Entre as prioridades está medida que zera imposto sobre compras internacionais de até US$ 50 e perde validade em setembro
O governo conseguiu avançar, nesta semana, na tramitação de seis medidas provisórias que estavam pendentes de análise no Congresso Nacional. As comissões mistas responsáveis por discutir as propostas serão instaladas nesta quarta-feira (12), durante a primeira semana de esforço concentrado do Legislativo antes das eleições de outubro.
Entre as medidas que ganharam prioridade está a MP que zera o imposto de importação para compras internacionais de até US$ 50, conhecida como “taxa das blusinhas”. O texto foi editado em 12 de maio e teve a validade prorrogada em julho pelo presidente do Congresso, Davi Alcolumbre.
A medida perde a validade em 8 de setembro. Se não for aprovada dentro do prazo, a cobrança do imposto volta a valer para as compras enquadradas na regra.
A instalação da comissão mista é apenas a primeira etapa da tramitação. Depois da análise dos deputados e senadores que integram o colegiado, a proposta ainda precisará ser votada pelos plenários da Câmara dos Deputados e do Senado Federal.
Outras cinco medidas entram na pauta
Além da MP sobre as compras internacionais, outras cinco medidas provisórias terão as respectivas comissões mistas instaladas nesta quarta-feira.
Entre elas estão propostas relacionadas à redução da fila de espera do INSS e à ampliação das carreiras que podem receber o adicional destinado a servidores que trabalham em regiões de fronteira.

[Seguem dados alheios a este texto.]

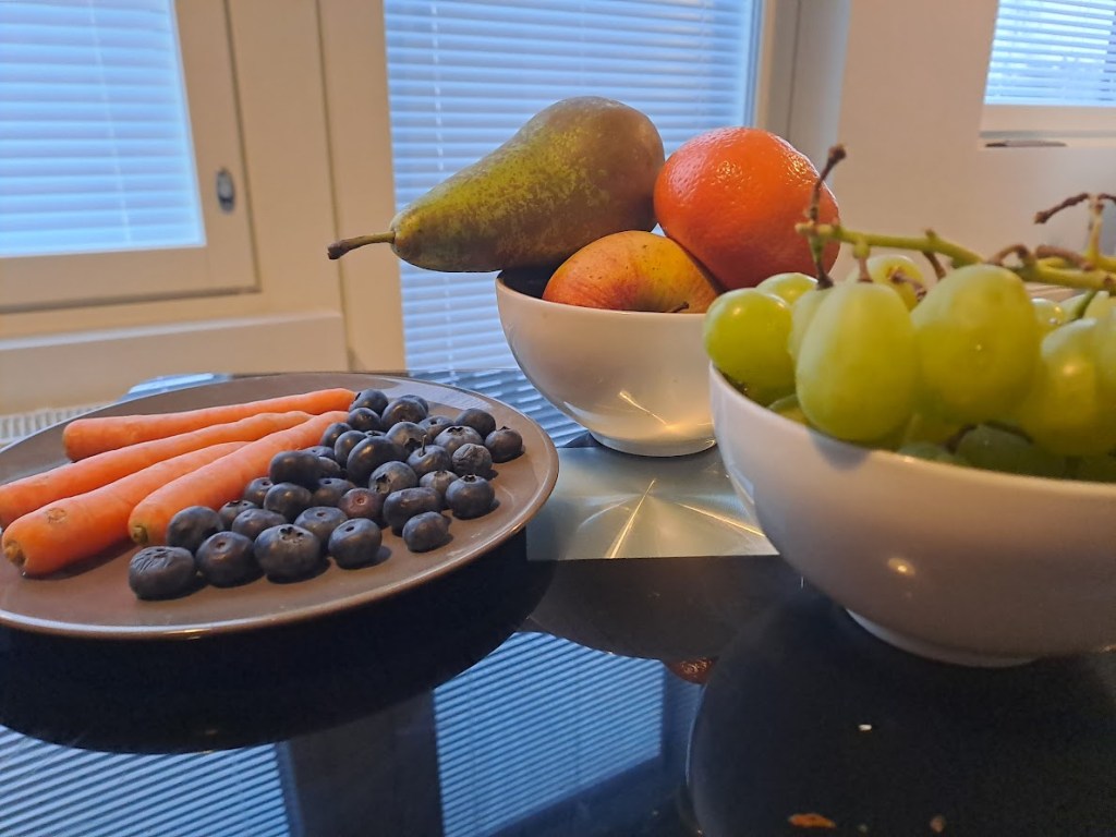 Välillä hedelmät ja marjat korvaavat aamupalaleivänkin, joka ei aina maistu. Leivästä on lähtenyt hieman maku, koska ei enää keksi mitä leivän päälle voi laittaa, kun esimerkiksi leikkeleitä tulisi käyttää mahdollisimman vähän.

Também estão entre as prioridades do governo medidas que tratam das regras para entregadores e mototaxistas, da criação do Enamed (Exame Nacional de Avaliação da Formação Médica) e da abertura de crédito para localidades afetadas por desastres naturais.

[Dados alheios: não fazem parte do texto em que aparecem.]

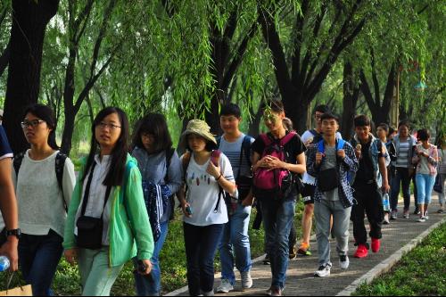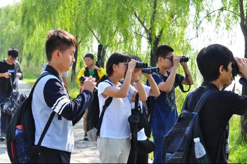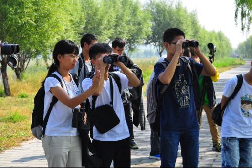 进入野鸭湖自然保护区,自然保护区学院2015级新生充满激动和好奇。学院选派了部分具有较好专业基础的高年级学生担任本次野外考察的向导,为新生沿途介绍专业基础知识、带领新生认知动植物、观察和辨别鸟类。

A medida relacionada aos recursos para áreas atingidas por eventos extremos ainda precisa passar pela Comissão Mista de Orçamento (CMO).

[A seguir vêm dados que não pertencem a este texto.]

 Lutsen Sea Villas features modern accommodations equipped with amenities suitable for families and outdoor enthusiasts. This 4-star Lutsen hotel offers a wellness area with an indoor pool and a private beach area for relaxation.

Projetos sobre impostos e MEI também podem avançar
O esforço concentrado não deve ficar restrito às medidas provisórias. Projetos de lei também podem ser analisados pelo Congresso nas duas semanas previstas de mobilização antes das eleições.
Um dos textos que pode entrar na pauta é o PLP 114/2026, enviado pelo governo, que prevê a redução ou até a zeragem de impostos federais incidentes sobre combustíveis.
A proposta foi apresentada pelo Executivo após o início da guerra no Oriente Médio e tem como objetivo reduzir os efeitos da alta do preço internacional do petróleo sobre os combustíveis.
Outro projeto de iniciativa do governo, o PLP 186/2026, prevê mudanças nas regras do MEI (microempreendedor individual).
O texto estabelece um aumento progressivo do limite de receita bruta anual para enquadramento como MEI. O teto passaria dos atuais R$ 81 mil para R$ 110 mil em 2027 e R$ 140 mil em 2028.
A proposta também prevê a possibilidade de o microempreendedor individual contratar até dois empregados, em vez de apenas um.
Propostas polêmicas devem ficar fora da pauta
Apesar do esforço concentrado, líderes da Câmara indicam que projetos considerados mais controversos devem ter a votação adiada neste momento.
Entre eles está a proposta que prevê a criminalização da misoginia. O projeto tramita em regime de urgência, mas ainda não há acordo entre os líderes para que seja levado ao plenário.
A estratégia do Congresso nesta fase é concentrar as votações em propostas que tenham maior possibilidade de acordo, em um calendário reduzido pela proximidade das eleições de outubro.
Com a instalação das comissões mistas, o governo busca acelerar a análise das medidas provisórias que têm prazo de validade próximo do fim e evitar que propostas consideradas prioritárias percam eficácia por falta de votação.